Jenny reparó en su sombrilla. Recordó haberla abandonado en algún lugar de su pequeño apartamento, el día que decidió vivir con Jean. También recordó que cuando conoció a Edouard la usaba con frecuencia en las mañanas de calor. Edouard se fijaba en las cosas.
Berthe recorría, igualmente, el lienzo. Sus ojos, al igual que sus labios, callaban. Pero, ¿qué hacía aquel caniche oscuro y sin rostro entre los luminosos pliegues de su vestido? Ella también había dado algunos pasos en pintura y enseguida captó la contraposición del negro pelaje del perrito con su inmaculado ropaje; le daba a éste más vivacidad, resultaba más real, más virtual. Tal y como había insinuado Manet. El perrito también daba a la escena una serena impresión de reposo, de tranquilidad.
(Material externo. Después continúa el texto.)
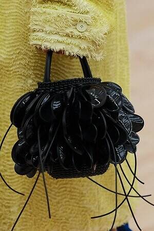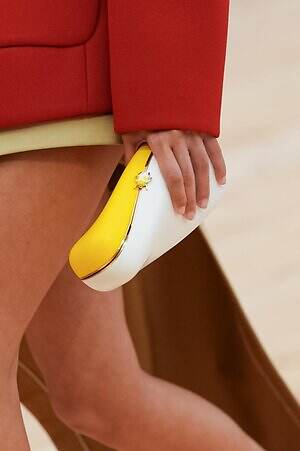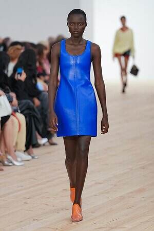 ロエベを象徴するレザーは、ウエストから裾にかけてふっくらと丸みを帯びたミニドレスやノーカラージャケットへと昇華。ハリと光沢を湛えた独自の質感が、プラスチックでできたおもちゃの人形のような、構築的なフォルムを生み出している。シャープなテーラリングもまた、ウエストをダイナミックにシェイプし、肉厚なファブリックを用いて彫刻的な形状をキープした。
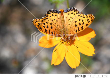 キバナコスモスから吸蜜するツマグロヒョウモンの♂
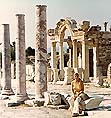 as a port on the Aegean Sea, the ruin city now lies several miles inland, and the original harbor looks out over a dry valley, with not a drop of water in sight. The city became famous for its TEMPLE OF ARTEMIS, dedicated to the Greek goddess ARTEMIS and considered one of the 'Seven Wonder of the Ancient World'.
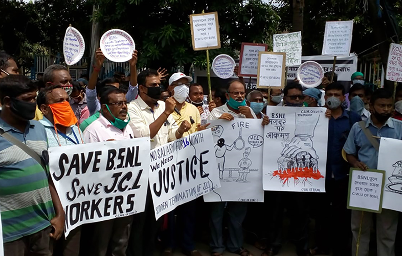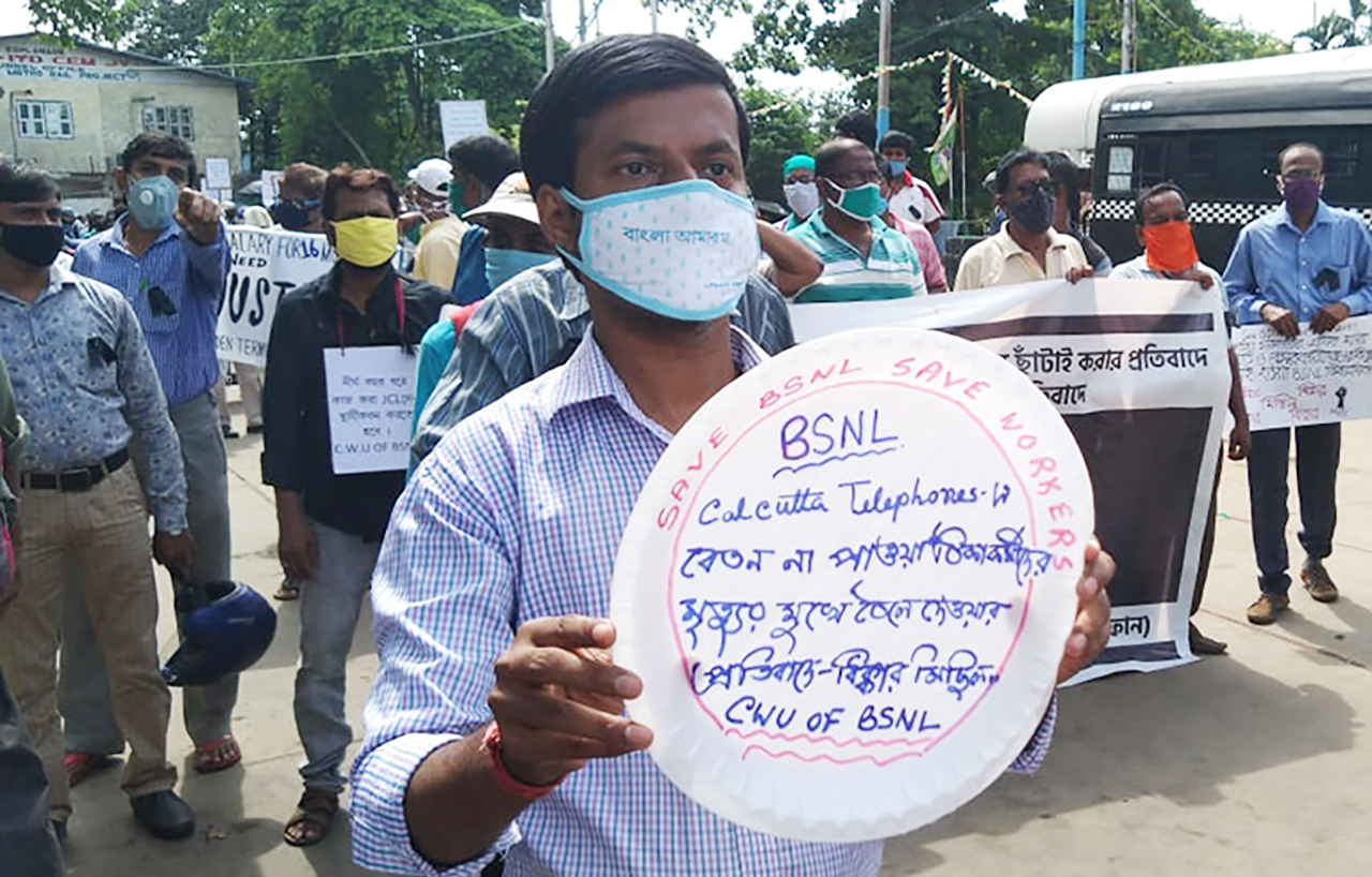 বিএসএনএল কর্মীদের বেতন নেই, আজ দেড় বছর হতে চলল। ২০১৯ সালের ফেব্রুয়ারি মাস থেকে শুরু করে আজ অবধি বিএসএনএল কর্মীরা বেতন পাননি। এক লাখেরও বেশি ঠিকা শ্রমিকদের বেতন মেটাতে কেন্দ্রীয় সরকার অস্বীকার করে চলেছে। সরকারি তরফে জানানো হয়েছে, এই বেতন মেটানোর দায়িত্ব সরকারের নয়, ঠিকেদারদের। ইতিমধ্যে শুধুমাত্র কলকাতা টেলিফোনস-এরই ৮ জন শ্রমিক এই নির্মমতার শিকার হয়ে লকডাউনের মাঝে আত্মহত্যা করেছেন। অন্যান্য রাজ্যে অবস্থাটা আলাদা কিছু নয়। তবে সুশান্ত-দীপিকা-রিয়া নিয়ে ব্যস্ত বাজারি মিডিয়াতে আসেনি সেইসব খবর।
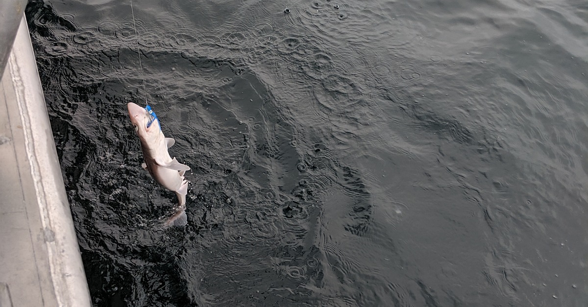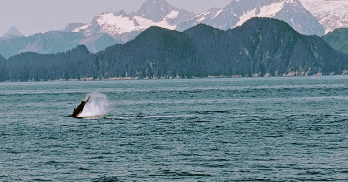 Another must do in Seward is to rent a charter and go out fishing. There are many different charters to choose from that range from half day salmon fishing to all day salmon, rockfish, and halibut fishing. We chose the latter. The day started early. We had to be at the boat by 6am. But when the sun rises at 4:30 in the morning, it makes waking up a bit easier! Heading out of port it was a bit foggy, but as the day progressed, we had beautiful blue skies and calm seas. After about an hour and a half ride out while passing spectacular scenery we started fishing for salmon. Unfortunately, I didn’t have any luck catching salmon, but I did manage to catch a shark! It was also about this time that we spotted whales, and so I gave up on the fishing and watched the whales instead.
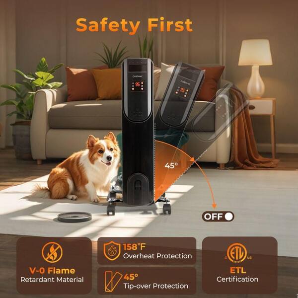1500-Watt Indoor Electric Oil Filled Panel Radiant Space Heater with Thermostat Remote Control and Tip-Over Protection
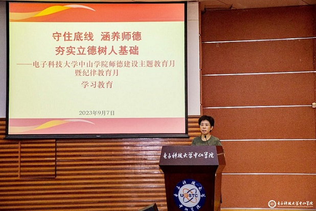 根据sunbet申博、省教育厅部署,我校于9月启动了“2023年师德建设主题教育月暨纪律教育月”活动。会上,叶立新副书记作题为《守住底线 涵养师德 夯实立德树人基础——电子科技大学中山学院师德建设主题教育月暨纪律教育月学习教育》的专题报告。她指出,教师应当先有德、养德,才能去教德、引德、润德,全体教职工要以学习月为契机,认真学习教育文件精神,内化于心、外化于行,努力夯实和提高学校立德树人基础和水平,真正做到为党育人、为国育才。她从“开展师德集中学习教育的文件精神”“涉师德师风事件的处理”“学校师德建设工作检视”“学习‘新时代高校教师职业行为十项准则’”四个方面进行了领学和导学,要求各单位要按照学校工作部署,结合纪律教育学习月要求,认真开展系列学习教育,抓好落实,不走过场,推动学校师德工作取得实效。
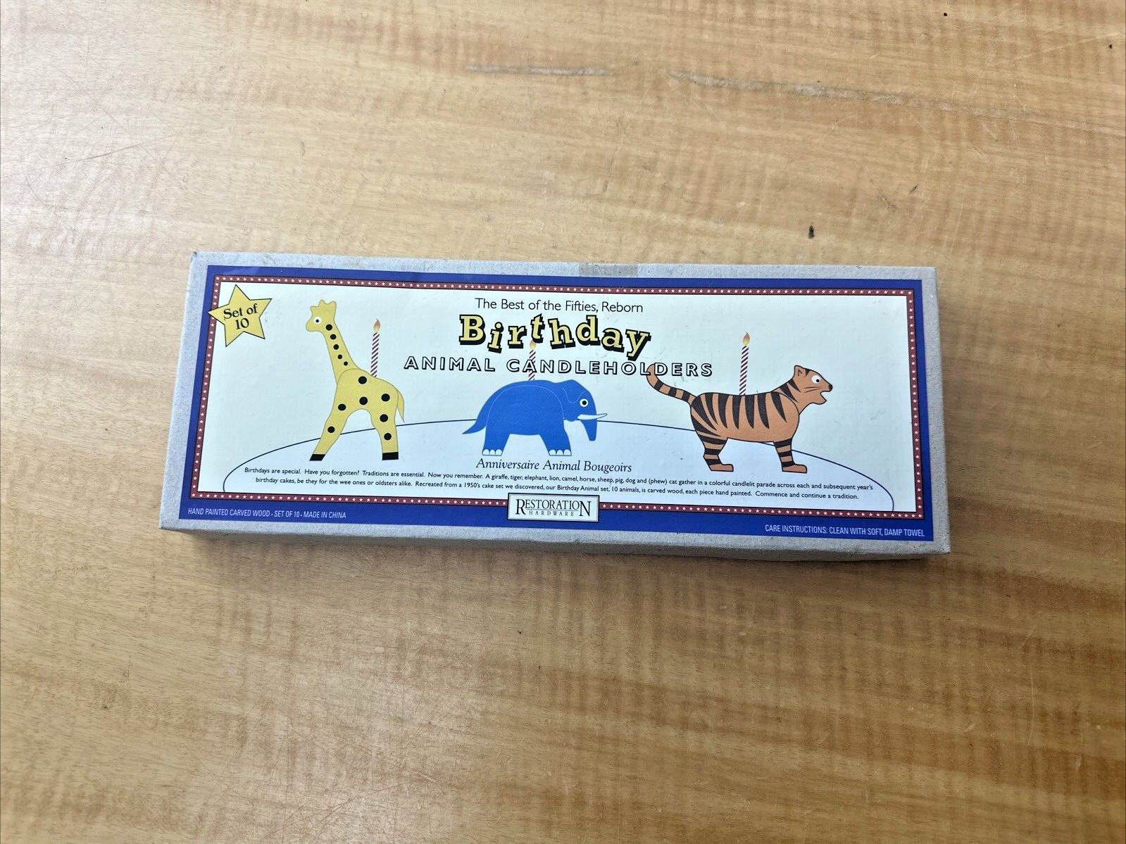 Restoration Hardware Wood Animal Birthday Cake Candle Holders, Hand Painted
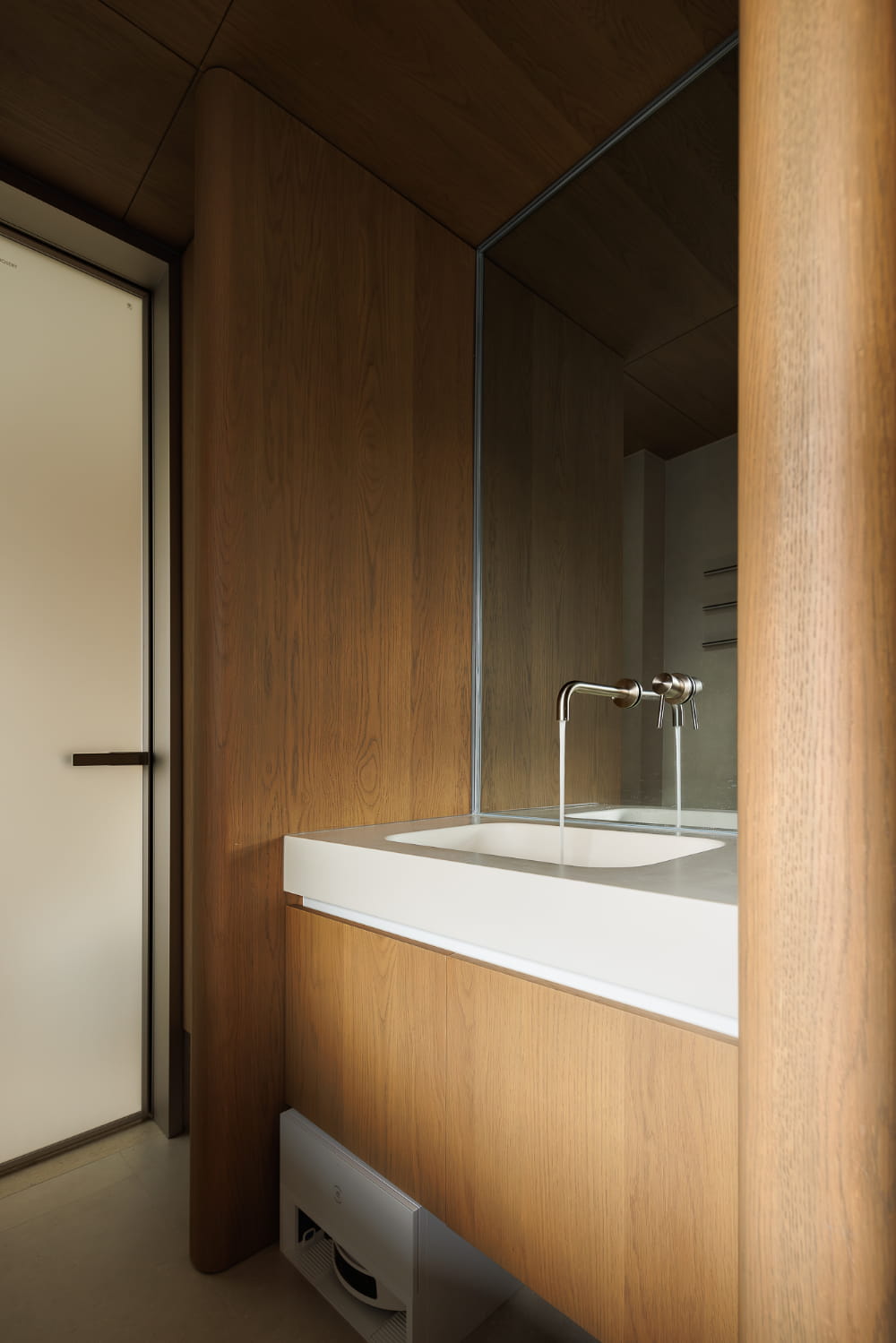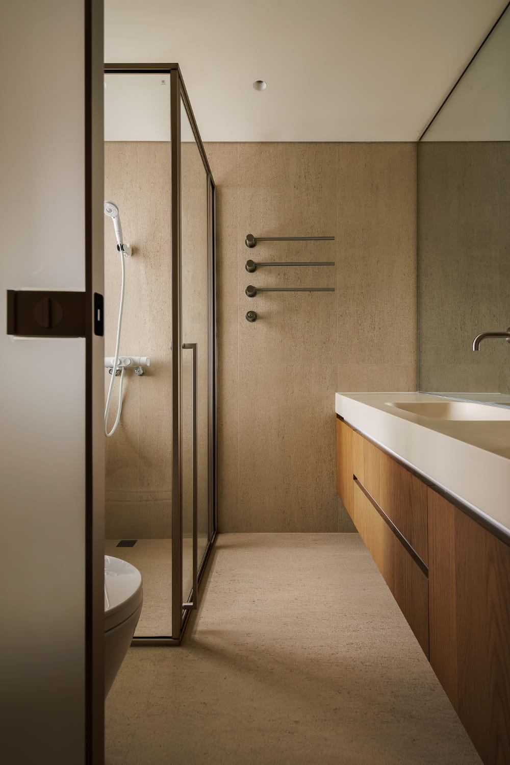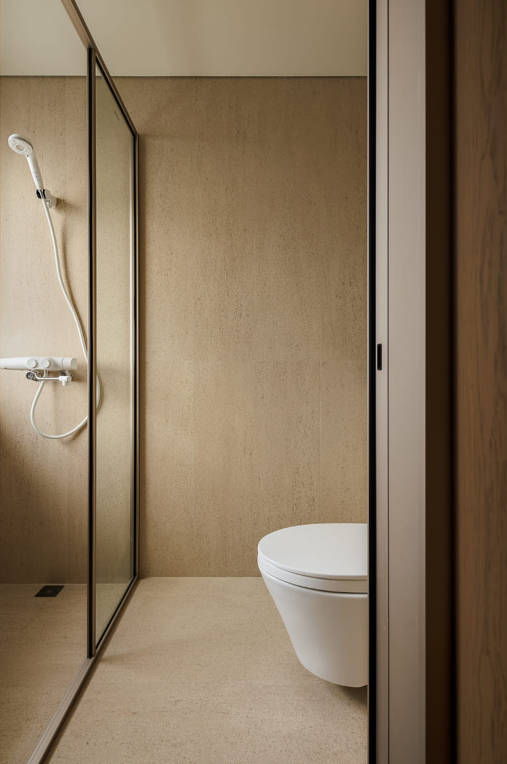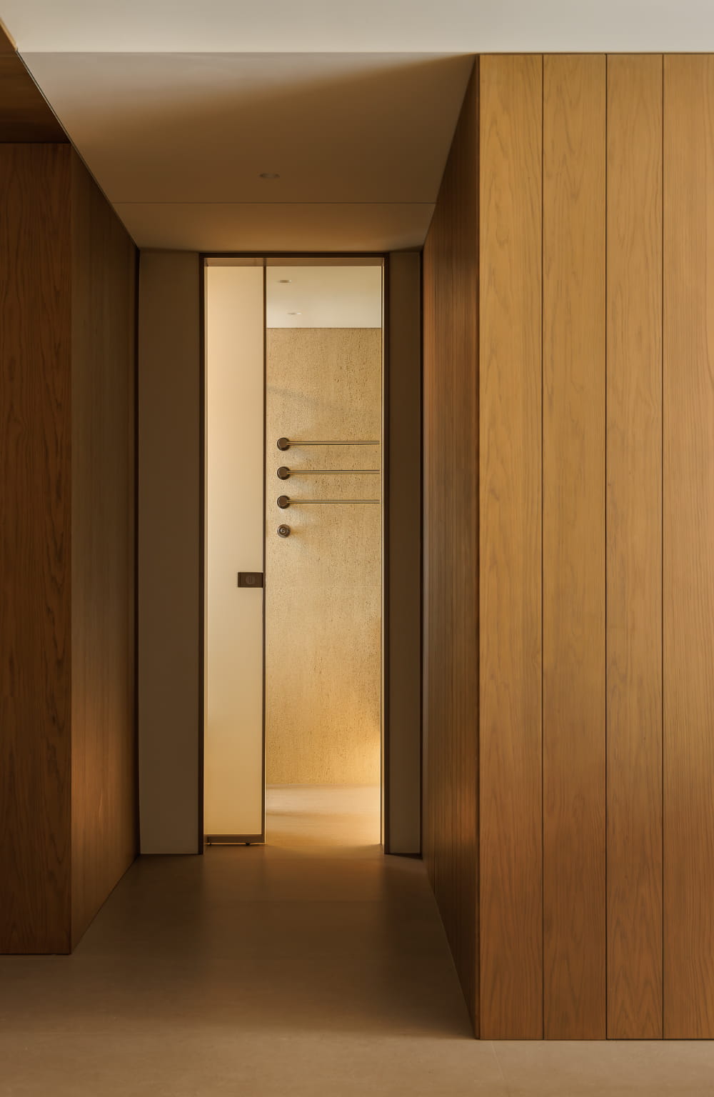 次卧结构在优化拓展之后,门体仍然与餐厨衔接紧密,通过设计手法剥离视觉上的动静关系,隐形门的存在成为通往秘密世界的符号,合上之后,统一材质与极简的线条将背后空间遮掩密实,还给空间视野干脆且隐匿的极简质感。
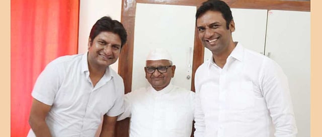 नगर : 'मी कोणाच्याही खांद्यावर हात ठेवत नाही. शंकरराव गडाख हे पहिले मंत्री आहेत, की ज्यांच्या खांद्यावर मी स्वतः जाणीवपूर्वक खांद्यावर हात ठेवला आहे. त्यांच्यामागे ज्येष्ठ नेते यशवंतराव गडाख यांच्या कामाची पुण्याई आहे,' असे आशीर्वाद ज्येष्ठ समाजसेवक अण्णा हजारे यांनी गडाख बंधुंना दिले.
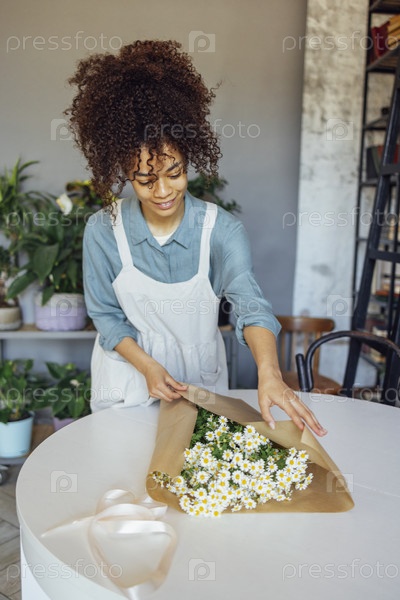 Молодой флорист в фартуке создает красивый простой букет ромашек из крафтовой бумаги

Jean, por su parte, trataba de conformarse. No estaba de acuerdo con su amigo, como tantas otras veces, pero no dejaba de entender que Edouard tenía razón, que su apostura, aunque él no la reconociera, debía contemplarse de esta forma a los ojos de los demás. Así van transcurriendo los minutos; unidos por la escena y el silencio.